## THE DATA:
------------------------

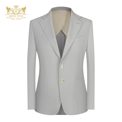本派高定半麻衬休闲西装男鸟眼纹结婚商务西服男士修身套装职业装
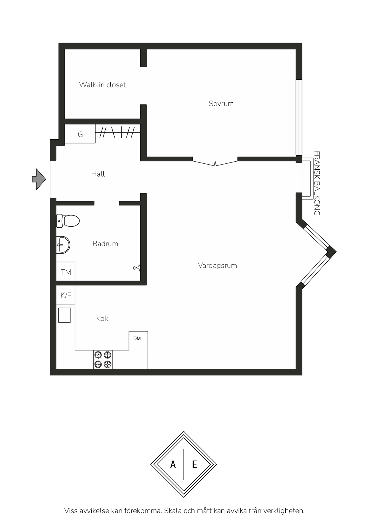Det erbjuds en öppen och social planlösning mellan kök och vardagsrum med ett funktioinellt kök med integrerade vitvaror (ink diskmaskin), ett rymligt sovrum som försluts med vackra spröjsade dubbeldörrar samt en walk in closet med mycket god förvaring. Badrummet är renoverat i modern tappning och är utrustat med tvättmaskin för maximal komfort.
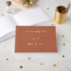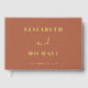 Cet élégant livre d'hôtes mariage en terre cuite présente une véritable feuille d'or, vos noms dans la typographie serif classique, unis par "et" dans un script chic avec des swashes, et votre date mariage. Vous pouvez personnaliser le titre sur la colonne vertébrale.

------------------------

## WHAT YOU NEED TO DO:
Copy the material exactly. Do not include the pictures.

## ANSWER TO THIS EXERCISE:
本派高定半麻衬休闲西装男鸟眼纹结婚商务西服男士修身套装职业装
Det erbjuds en öppen och social planlösning mellan kök och vardagsrum med ett funktioinellt kök med integrerade vitvaror (ink diskmaskin), ett rymligt sovrum som försluts med vackra spröjsade dubbeldörrar samt en walk in closet med mycket god förvaring. Badrummet är renoverat i modern tappning och är utrustat med tvättmaskin för maximal komfort.
 Cet élégant livre d'hôtes mariage en terre cuite présente une véritable feuille d'or, vos noms dans la typographie serif classique, unis par "et" dans un script chic avec des swashes, et votre date mariage. Vous pouvez personnaliser le titre sur la colonne vertébrale.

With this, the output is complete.